▶ **Problem statement**: Pull out every line in the data that has the string "with" in it.

▶ **Input data**:

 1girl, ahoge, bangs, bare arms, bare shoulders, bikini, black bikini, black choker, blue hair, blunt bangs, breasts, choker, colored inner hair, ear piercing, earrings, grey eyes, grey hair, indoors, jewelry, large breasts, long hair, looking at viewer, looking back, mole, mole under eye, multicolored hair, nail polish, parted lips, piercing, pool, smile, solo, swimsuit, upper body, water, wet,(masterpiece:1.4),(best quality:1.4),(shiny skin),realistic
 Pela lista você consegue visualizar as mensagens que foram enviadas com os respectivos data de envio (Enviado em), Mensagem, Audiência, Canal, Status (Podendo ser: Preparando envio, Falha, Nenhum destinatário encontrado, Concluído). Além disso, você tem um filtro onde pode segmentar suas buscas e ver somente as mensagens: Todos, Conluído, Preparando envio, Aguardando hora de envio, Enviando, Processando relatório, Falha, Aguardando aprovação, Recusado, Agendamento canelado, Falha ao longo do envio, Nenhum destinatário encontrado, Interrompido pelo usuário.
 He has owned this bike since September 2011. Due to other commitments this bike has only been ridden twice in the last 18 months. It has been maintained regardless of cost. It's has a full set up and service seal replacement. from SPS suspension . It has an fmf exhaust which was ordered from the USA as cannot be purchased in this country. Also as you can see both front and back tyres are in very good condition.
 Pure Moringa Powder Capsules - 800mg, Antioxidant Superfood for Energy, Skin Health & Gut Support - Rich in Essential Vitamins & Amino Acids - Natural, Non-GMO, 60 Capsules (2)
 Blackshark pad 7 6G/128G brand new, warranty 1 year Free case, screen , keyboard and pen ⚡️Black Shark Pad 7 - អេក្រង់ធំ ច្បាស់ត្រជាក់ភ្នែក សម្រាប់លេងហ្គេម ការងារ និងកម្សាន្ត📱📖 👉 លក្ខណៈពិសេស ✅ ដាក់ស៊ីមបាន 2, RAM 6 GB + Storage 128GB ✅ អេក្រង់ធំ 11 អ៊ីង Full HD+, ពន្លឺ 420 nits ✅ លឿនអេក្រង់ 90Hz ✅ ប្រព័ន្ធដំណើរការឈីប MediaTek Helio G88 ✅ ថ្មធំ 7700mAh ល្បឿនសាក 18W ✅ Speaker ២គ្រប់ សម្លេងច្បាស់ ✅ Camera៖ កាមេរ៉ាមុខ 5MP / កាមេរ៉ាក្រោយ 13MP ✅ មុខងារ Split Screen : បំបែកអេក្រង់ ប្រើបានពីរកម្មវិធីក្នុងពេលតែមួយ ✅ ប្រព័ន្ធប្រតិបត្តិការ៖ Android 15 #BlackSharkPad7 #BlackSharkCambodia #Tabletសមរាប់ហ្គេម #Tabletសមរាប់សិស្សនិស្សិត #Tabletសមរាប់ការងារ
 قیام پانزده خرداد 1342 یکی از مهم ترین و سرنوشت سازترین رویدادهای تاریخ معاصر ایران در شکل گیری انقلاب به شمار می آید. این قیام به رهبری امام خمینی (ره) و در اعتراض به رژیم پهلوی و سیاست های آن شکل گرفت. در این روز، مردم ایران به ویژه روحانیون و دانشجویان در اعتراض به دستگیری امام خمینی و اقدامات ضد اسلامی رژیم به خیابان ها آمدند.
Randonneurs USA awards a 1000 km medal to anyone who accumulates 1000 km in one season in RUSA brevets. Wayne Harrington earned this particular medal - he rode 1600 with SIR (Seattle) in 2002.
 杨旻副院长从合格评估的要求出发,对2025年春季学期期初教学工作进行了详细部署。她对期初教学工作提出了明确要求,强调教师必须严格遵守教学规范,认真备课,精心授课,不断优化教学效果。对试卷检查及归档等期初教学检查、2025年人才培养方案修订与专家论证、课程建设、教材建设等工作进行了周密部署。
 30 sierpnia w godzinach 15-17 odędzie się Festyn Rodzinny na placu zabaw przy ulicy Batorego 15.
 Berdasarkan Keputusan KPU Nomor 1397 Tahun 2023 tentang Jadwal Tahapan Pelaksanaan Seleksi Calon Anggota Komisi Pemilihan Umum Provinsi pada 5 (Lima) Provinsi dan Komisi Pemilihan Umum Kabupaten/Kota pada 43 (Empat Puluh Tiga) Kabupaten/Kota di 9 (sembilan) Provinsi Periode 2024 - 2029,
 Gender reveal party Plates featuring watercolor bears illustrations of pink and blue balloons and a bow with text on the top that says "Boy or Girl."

▶ **Result of this task**:
Randonneurs USA awards a 1000 km medal to anyone who accumulates 1000 km in one season in RUSA brevets. Wayne Harrington earned this particular medal - he rode 1600 with SIR (Seattle) in 2002.
 Gender reveal party Plates featuring watercolor bears illustrations of pink and blue balloons and a bow with text on the top that says "Boy or Girl."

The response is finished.